++++ PROVIDED MATERIAL ++++

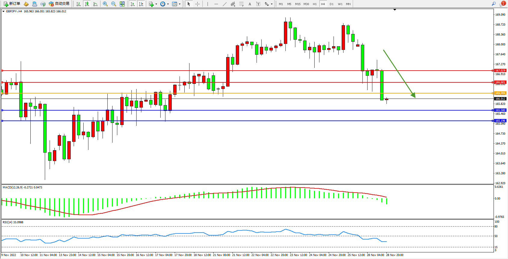 交易策略:166.206下方看跌,目标165.580、165.196
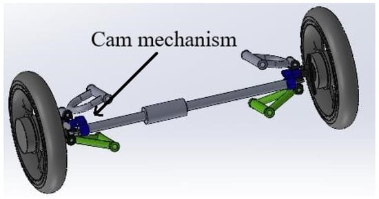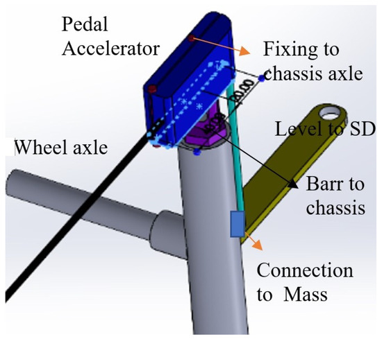 Figure 12 and Figure 13 represent two different schemes of differential accelerators. Figure 12 shows the details of how a part of the accelerator is fixed on the chassis axis and connected to the lever and mass of the tire, which connects to the SD; the hinge part is fixed on the chassis axis 2.5 cm from its end and 3.5 cm from the hinged end. This fixation is due to the fact that the throttle has a smaller opening than the opening of the SD lever arm. Furthermore, the analysis showed that the accelerator does not fully open; according to Table 1, it ranges from 0 to 2 cm. This is less than its maximum opening of 3 cm. On the other hand, the connection of the accelerator with the lever is flexible; that is, it is disconnected when it turns to the opposite side, according to Ackermann geometry. This disconnection is necessary, since it would otherwise break the accelerator that is fixed to the axis of the chassis.
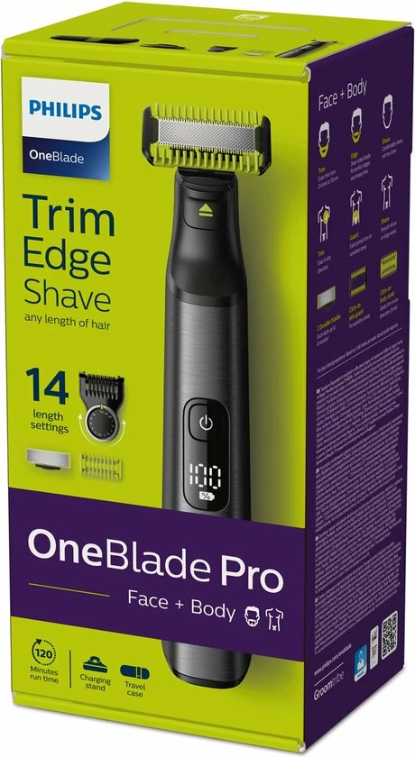 De Philips OneBlade is speciaal ontworpen voor het stylen van gezicht- en lichaamshaar. Scheren, trimmen en stylen wordt veel comfortabeler door het snel bewegende mesje, de speciale coating en afgeronde uiteinden. Je kunt de OneBlade nat en droog gebruiken.

++++

**BRIEF**
Retype the whole listing, keeping every line identical and omitting all pictures.

**YOUR RESPONSE**
 交易策略:166.206下方看跌,目标165.580、165.196
 Figure 12 and Figure 13 represent two different schemes of differential accelerators. Figure 12 shows the details of how a part of the accelerator is fixed on the chassis axis and connected to the lever and mass of the tire, which connects to the SD; the hinge part is fixed on the chassis axis 2.5 cm from its end and 3.5 cm from the hinged end. This fixation is due to the fact that the throttle has a smaller opening than the opening of the SD lever arm. Furthermore, the analysis showed that the accelerator does not fully open; according to Table 1, it ranges from 0 to 2 cm. This is less than its maximum opening of 3 cm. On the other hand, the connection of the accelerator with the lever is flexible; that is, it is disconnected when it turns to the opposite side, according to Ackermann geometry. This disconnection is necessary, since it would otherwise break the accelerator that is fixed to the axis of the chassis.
 De Philips OneBlade is speciaal ontworpen voor het stylen van gezicht- en lichaamshaar. Scheren, trimmen en stylen wordt veel comfortabeler door het snel bewegende mesje, de speciale coating en afgeronde uiteinden. Je kunt de OneBlade nat en droog gebruiken.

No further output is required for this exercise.